Wednesday 2 March 2016

This is not a blog post


Bullet 1682 (1949)
UNDER HIS PICTURE
Surrealist’s signature indicates bottom

This is the bottom.
The boots were so heavy that Dali could hardly lift his feet and he had to be bundled onto the stage with the support of his stumbling assistants. Once there he stood motionless in the full deep-sea diver suit holding two white Russian wolfhounds on a leash. Then he tried to begin his lecture on Fantomes paranoiaques authentiques or, since he was in London, authentic paranoid fantasies.

When the eccentric Lord Berners had hired the suit for the show, he had been asked to what depth exactly the artist was intending to sink. The reply, of course, was that Dali intended to descend to the level of the subconscious. As it turned out, no one had thought to include breathing apparatus with the suit and it was only when the great man started to deliver himself of his thoughts on paranoia that he realised no one would be able to hear him from behind the glass porthole of his helmet. Not only that, but he was beginning to suffocate.

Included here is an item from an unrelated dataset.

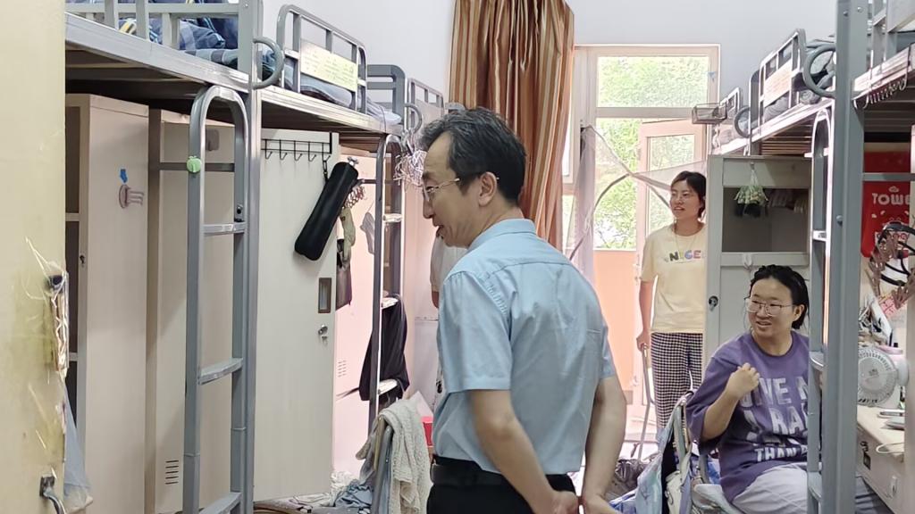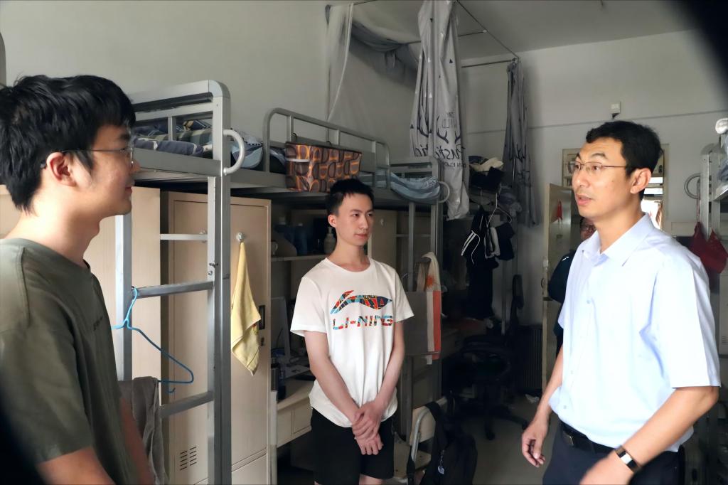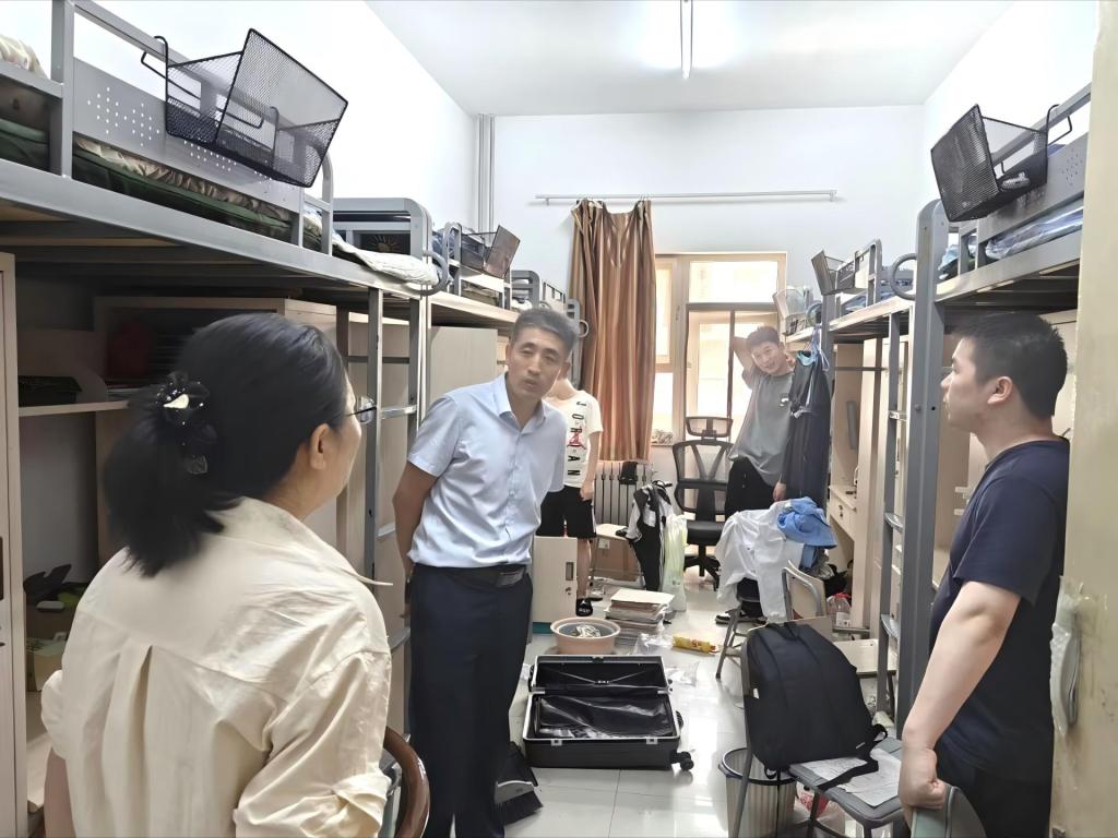 走访过程中,院领导们还特别关心毕业生的生活细节和思想动态,仔细查看宿舍环境、关切询问行程安排,叮嘱同学们在离校期间务必注意人身财产安全、文明有序离校,以良好的精神风貌开启人生新篇章;深情嘱托毕业生们在奔赴五湖四海后,要常与学院、老师保持联系,常回母校看看。

Luckily, swift action from Surrealist patron Edward James and a hammer saved Dali from a descent into the unconscious.
The audience that day in June 1936, unaware that the artist was in real danger of expiring before them, had accompanied the wild thrashings around of Dali and his rescuer with sustained, enthusiastic applause. For them it was all just the kind of exciting unexpected thing that these new artists were getting up to. They had already seen in the halls of the New Burlington Gallery the works of Dali, Miro, Rene Magritte and Max Ernst among others in the first major UK exhibition of Surrealist art. In their thousands, they had marvelled at noses growing into pipes, clocks melting and fur-lined tea cups.
For the man in the street, the man on the Clapham omnibus and most of John Bull’s readers, though, good art was art that cleverly reproduced the appearance of recognisable things. The comment of a reporter on the Sheffield Independent who had been despatched to the London show summed up this attitude. Praising the technique of the artists, he went on to say with some regret that most of them could “obviously do ‘straight’” if they put their minds to it. In fact, he was only getting the satisfaction of technical virtuosity because of the realism that had to be there before it could be subverted to become surreal. What he would have thought of later developments like colour field painting or performance art can be only be guessed. 

The reaction of a large part of the general British public to modern art has always been marked by contempt and/or derision, fuelled by a deep suspicion of all things intellectual. There’s a feeling that someone is trying to pull the wool over our eyes, usually for personal advancement and money. More often than not, this antipathy is manifested as humour. Tony Hancock's rebel was the best of many comic portrayals of the modern artist and, over the years, a whole genre of newspaper cartoons has developed with the pretensions of modern art as its target.

The mockery in this Bullet revolves around one of the most often expressed put-downs of modern art. Given the technical competence of the Surrealist painters, the old ‘my 5-year old could have done that’ won’t wash. So the next most obvious deviation from notions of good art is that it is impossible to tell what is going on in the picture, so most normal people would have no idea which way up it should go.

This is the top.

Family Corner:

Did Dad like art?
What art did Dad like?
What pictures did we have on the walls at Christchurch Street (1940s-1970s)
Were your artistic achievements and aspirations celebrated and encouraged?